# Relabeling Question



## rynic20 (Feb 24, 2008)

I'm about to start my line of shirts but i was wondering what would be the best route for me. I will have different styles of shirts ex. Jerzees T's, Anvil fashion T's, and probably bella shirts for girls. I want to order Plastisol transfers but all these shirts come from different origins. Do i have to put where they came from? I really don't want to order like 5 different tags.


----------



## AngrySpade (Feb 7, 2010)

Each tags has to be different anyway because you have to include the shirt size in the label. But I believe the country of origin needs to be included as well. I may be wrong but I'm pretty sure.

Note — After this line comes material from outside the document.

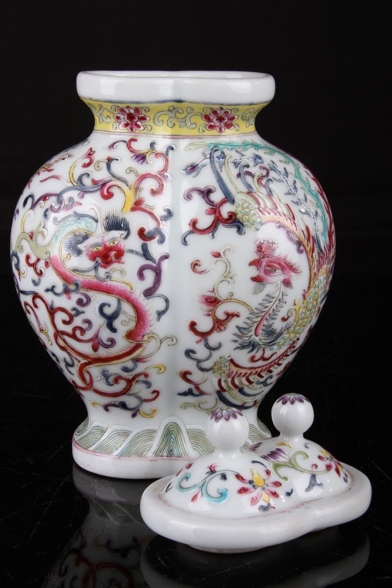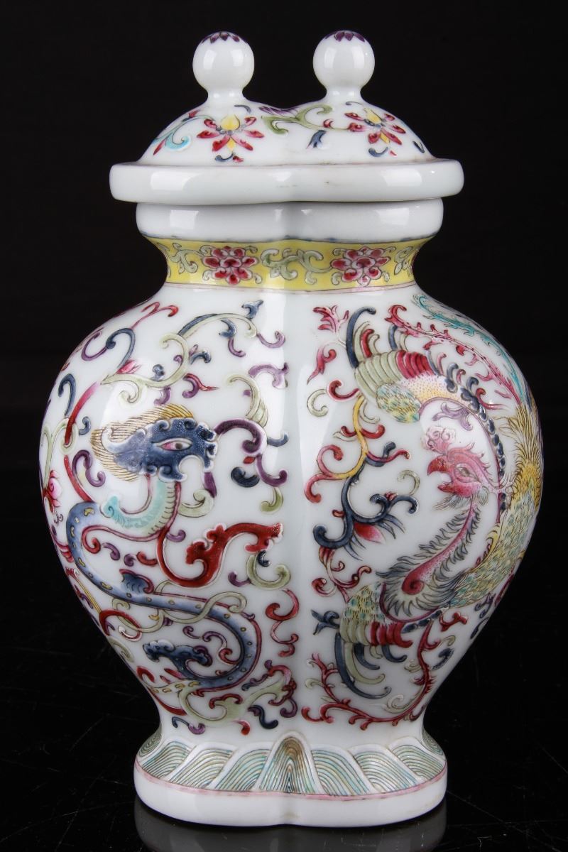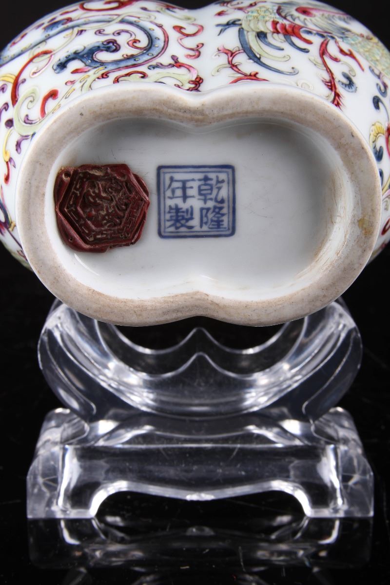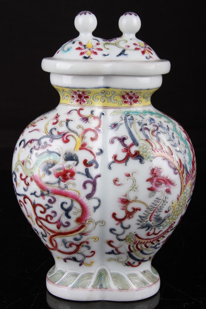 [CHINESE]A "QIANLONGNIANZHI"MARKED FAMILLE ROSE PORCELAIN VASE PAINTED WITH DRAGONS AND PHOENIX W:4.5" H:8"”乾隆年制“款粉彩龙凤呈祥奇型赏瓶
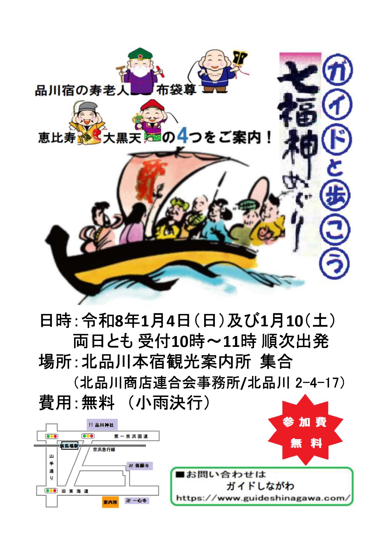 【コース】北品川本宿観光案内所に集合した後、寿老人/一心寺、布袋尊/養願寺、大黒天/品川神社、恵比寿/荏原神社をお詣りしながら新春の品川宿を巡ります。

Check this link for more relabeling info - Threading Your Way Through the Labeling Requirements Under the Textile and Wool Acts


----------



## kimura-mma (Jul 26, 2008)

Jen is correct, Country of Origin is one of the required bits of info to be included on labels (RN Number, Fiber Content and Care Instructions are the others). The link Jen provided is the best resource to learn about relabeling. It's long, but worth reading if you are going to relabel your shirts.


----------



## rynic20 (Feb 24, 2008)

Thanks for the info.. What i was going to do for the sizes was put them all down and circle or X the actual one with a marker of some sort.. I've seen it done before and it looks kind of artsy. What do you think? Appreciate the info


----------



## rynic20 (Feb 24, 2008)

I read the link you gave me and if I understand it right I can use my company name instead of an RN# as long as i put the care instructions and origin..Does that sound right?


----------



## kimura-mma (Jul 26, 2008)

Technically, you are supposed to use your full corporate name instead of the RN Number, it can't just be your brand name or logo. The RN Number application takes about 2 minutes to submit online, they e-mail it to you within a day or two and it's free. And Fiber Content is required as well.


----------